A late summer bouquet
Rozanne Delamore, The Ledbury Flower Farmer, talks us through the abundance of her late summer cutting patch and what’s been inspiring her gift bouquets in recent weeks.
I love the exuberance of the cutting patch in late summer here in rural Herefordshire when it’s full of blousy cosmos and the precision geometry of dahlias. There are also lots of seed heads and grasses which I treasure for their graceful forms.
All bouquets need three types of flower: focal flowers (large eye-catchers), secondary flowers (slightly smaller than the focals and a complementary colour) and fillers (smaller, airier ingredients which fill out the spaces and add a bit of movement and often contrasting forms). Most of my late summer bouquets have dahlias as their focal flower although the recent second flush of roses means that recently I’ve been able to include these too. They’ve been accompanied by secondary flowers like malope, alstromeria and snapdragons or small sunflowers. For fillers, and for a splash of colour and interest I’ve used statice and cosmos along with salvia viridis or painted sage.
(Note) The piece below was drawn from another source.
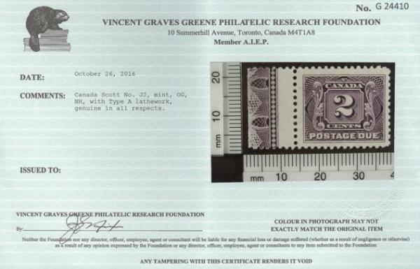 6059 J2 imageJ2, Left margin single with Full TYPE A LATHEWORK, pristine fresh colour, nicely centered. VF, NH. Has 2016 Greene Foundation Certificate. A KEY LATHEWORK STAMP (Image) (View Certificate)
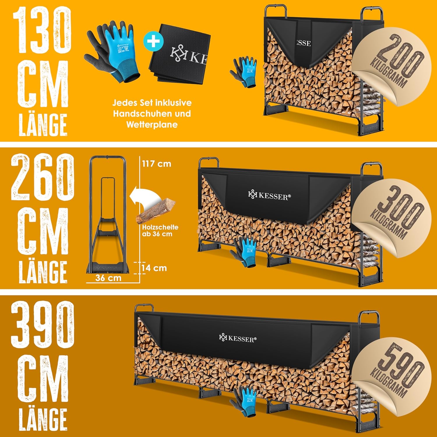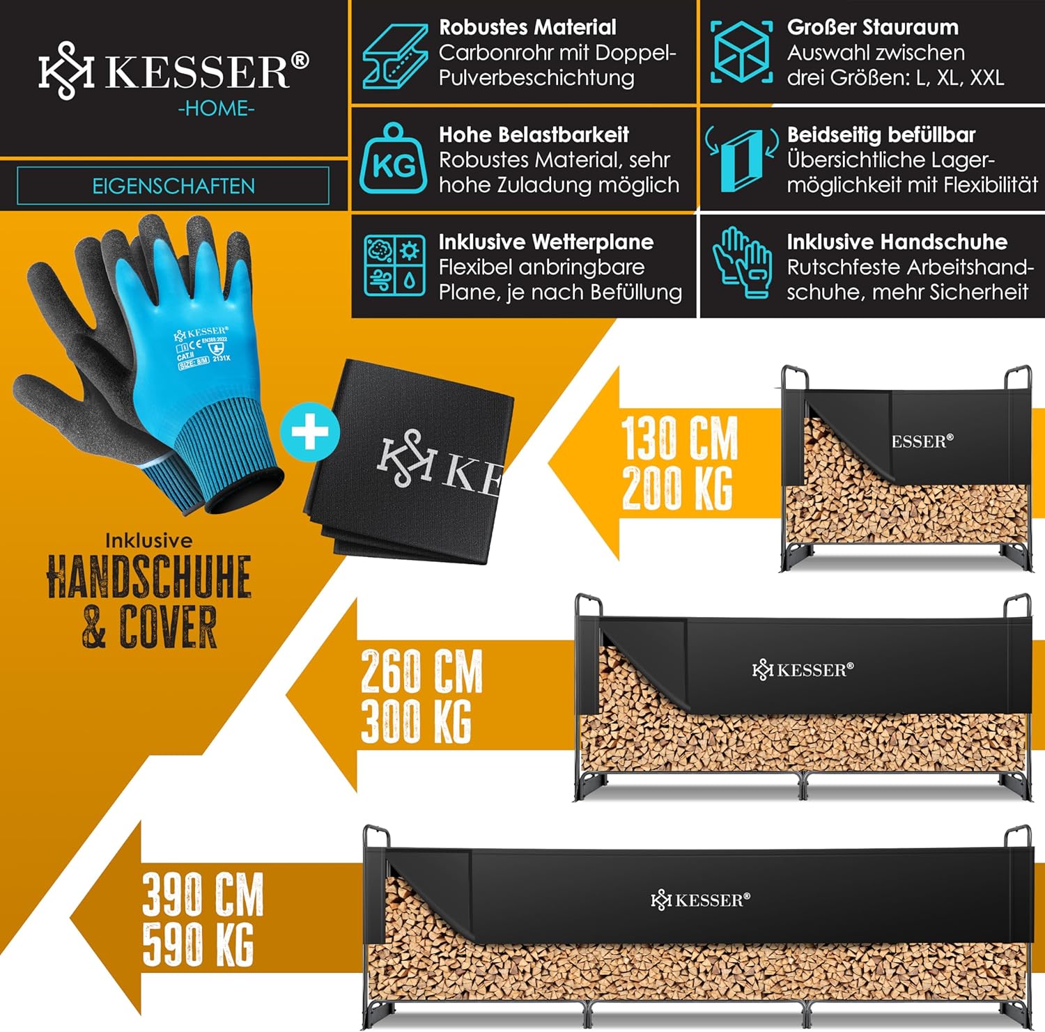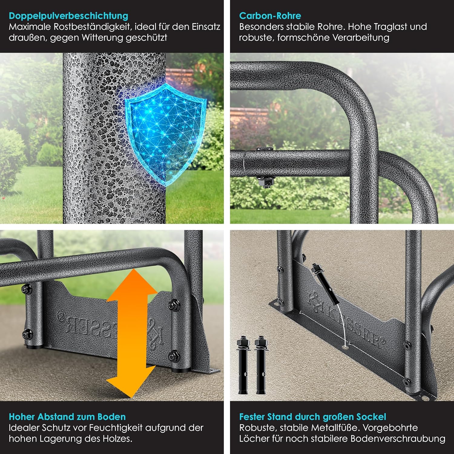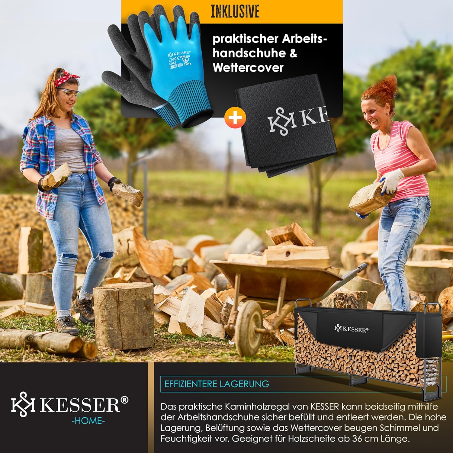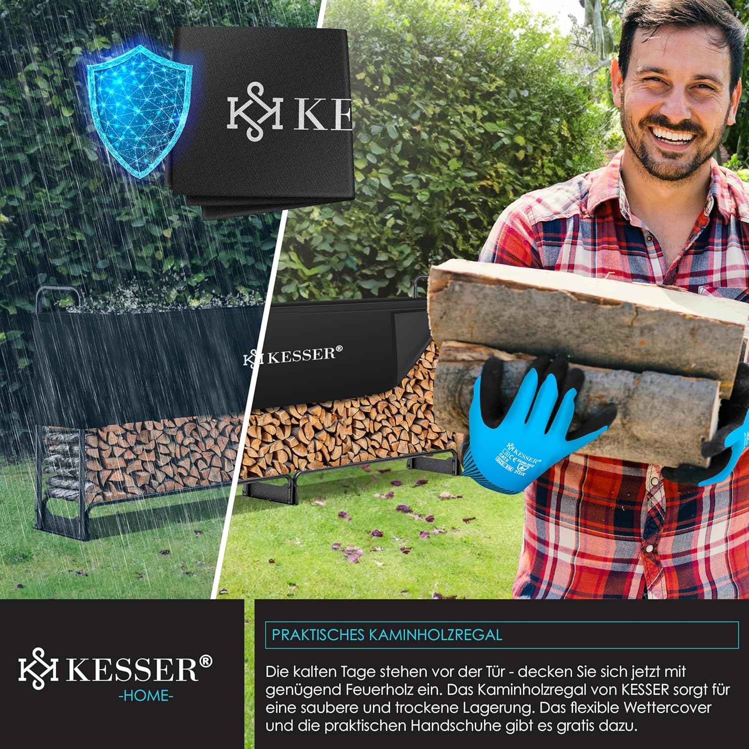 KESSER® Scaffale per legna da ardere in metallo Scaffale per legna da ardere all'esterno con struttura in acciaio + copertura e guanti Scaffale per legna da ardere - 260 x 36 x 117cm

For a delicate upper storey and to add movement, I love the delicacy of seed heads and grasses – my favourites at this time of year are frosted explosion, feather top grass and fox tail barley.
For foliage I continue to enjoy the delicate glaucus blue of chickpeas (see bouquet below) – I bought dried chickpeas from my local supermarket and simply planted them! The foliage is very like a wild vetch but bigger, with small white flowers and some pea pods on it too! I also use orach now that it has formed shapely seed fronds (see photo above) and which customers can dry and save. They can then harvest the dried seeds to plant for a crop of their own next year. A bouquet that keeps on giving! Chick pea and orach are both annual foliages (they grow just for a season, set seed and then die off) and unlike shrubs you don’t have to wait for them to mature before you can pick them. I have a space set aside especially for shrubs in my cutting area I have recently loved using my cotinus, pink snowberry, false indigo, abelia (which also has a lovely scent). For perennials (plants which flower, die back and regrow the next season), I find sedum especially useful as you can use it in bouquets either young, for texture and a lovely blue green colour, or mature for its chunky broad pink florets.
Having so many gorgeous ingredients to choose from allows each bouquet I make to be completely unique. I love the ease with which late summer colours complement each other. The great thing about growing my own flowers and foliage is that I’m always spoiled for choice and can choose what’s looking loveliest so that my customers can enjoy the best of the moment too!